Snowboard Bindings, CATEK Community, Binding, Kessler, Gear, Boot, Shop


----------



## baldylox (Dec 27, 2007)

Most of them were Kessler BX. One of the girls I saw had something else. 5 letters, started with, an O. I forget.


----------



## Mr. Polonia (Apr 5, 2009)

cifex said:


> Most of them were Kessler BX. One of the girls I saw had something else. 5 letters, started with, an O. I forget.


Oakley


----------



## Mr. Polonia (Apr 5, 2009)

but to me, those Kessler boards look pretty soft, or is it just me?


----------



## baldylox (Dec 27, 2007)

The Kessler BX boards are softer than GS boards and have a shorter sidecut. Compared to an all mountain board they are stiffer and have a larger sidecut. Tail is shortened to increase effective edge.


----------



## Guest (Feb 17, 2010)

It looked like they could use some Magne-Traction going around some of those turns.


----------



## AAA (Feb 2, 2008)

I saw Kessler and Oxess boardercross-specific models, which are German and Swiss manufacturers. I also saw at least one Donek, from Colorado. Constructed with materials like titanal (and carbon with Oxess), these are high end boards at $1K+. The nose and tails on these are mimimized to cut weight and increase effective edge. They're stiffer and have a shallower, progressive sidecut than typical freeride boards.
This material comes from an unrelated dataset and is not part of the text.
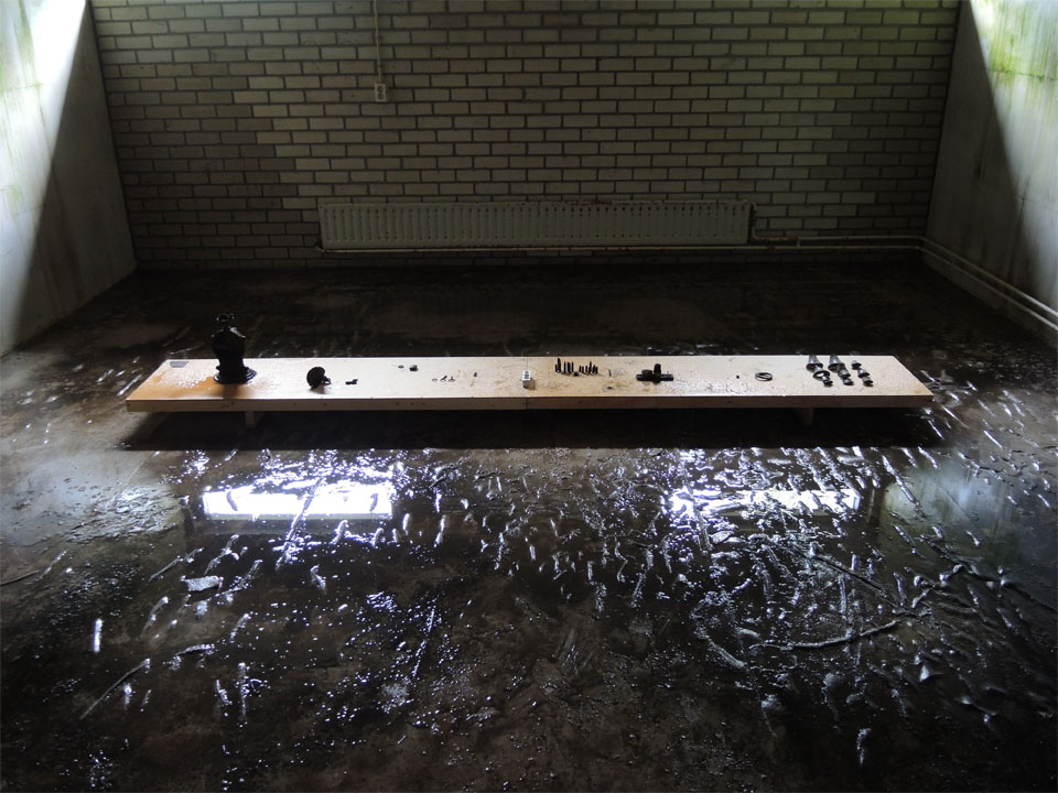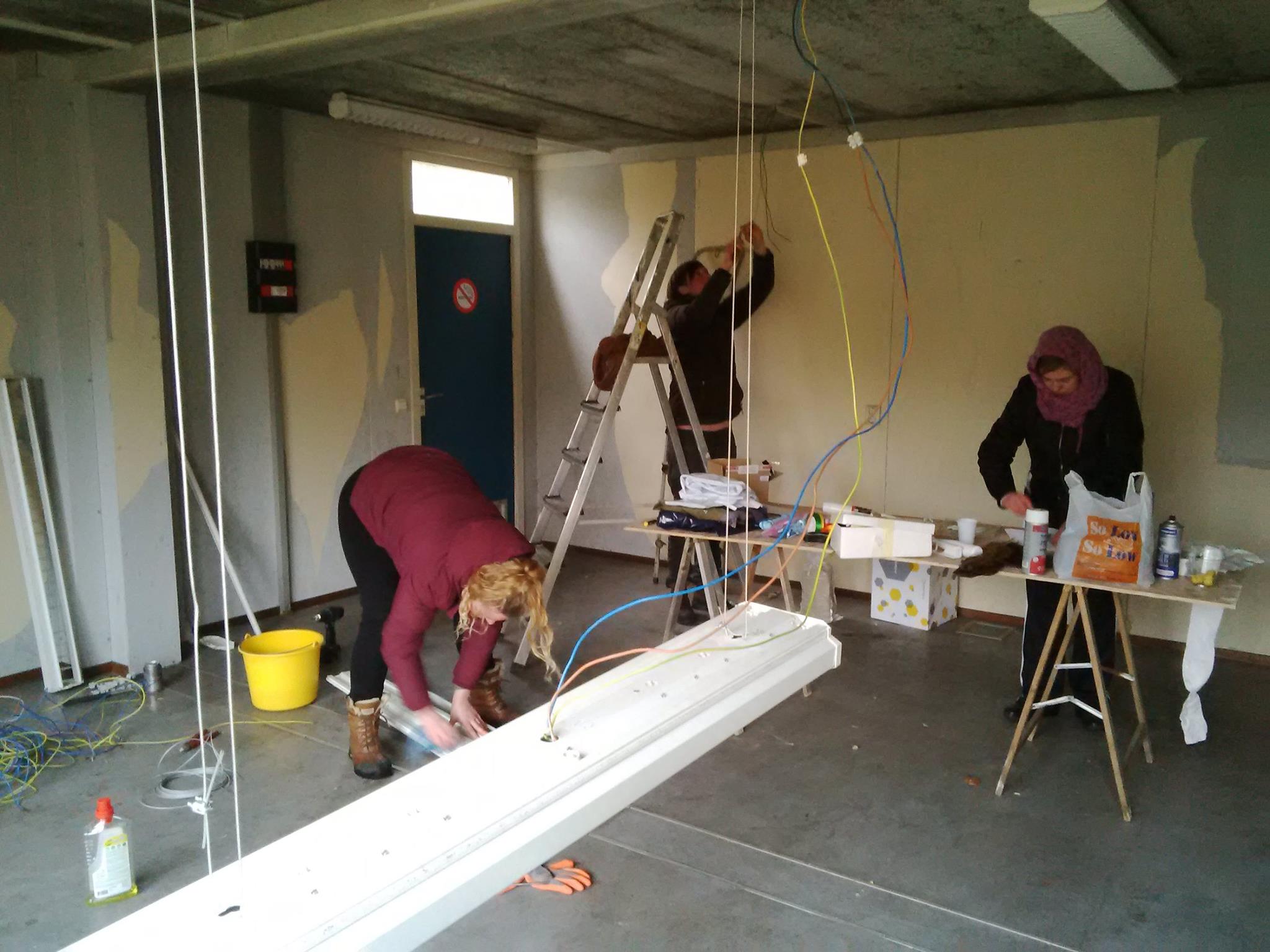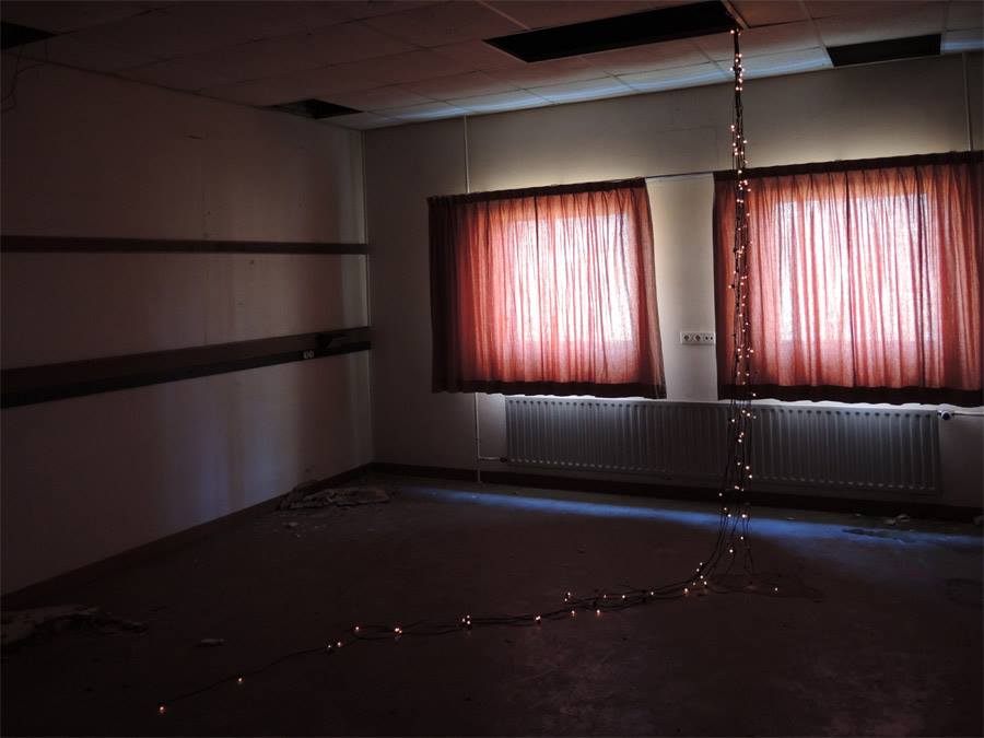 In het donkere en lekkende pand zorgde Anke voor een lichtpuntje door een waterval van licht. Stroom, afkomstig van een afgekeurd zonnepaneel op het dak, vloeit door een streng van aan elkaar gesoldeerde fietslampjes. Hoe sterker de zon schijnt des te feller branden de lampjes.

The boards are also cambered, but I'm not sure if the last few cm are slightly decambered or not like their full on GS counterparts.


----------



## jlm1976 (Feb 26, 2009)

The tip and tail on the Kessler's are reverse cambered in the tip and tail. This helps the boards be less hooky as BX isn't about tight turns, it's more about stability. 
Their sidecuts aren't that much tighter than GS boards. I believe most of them are the in the 12m-14m range.
On a side note, Palmer uses similar sidecut/nose/tail shape that they developed with Kessler called FLF. 
Pretty much everyone is on Kessler or Oxcess though I believe one or two were riding the Donek Sabre.


----------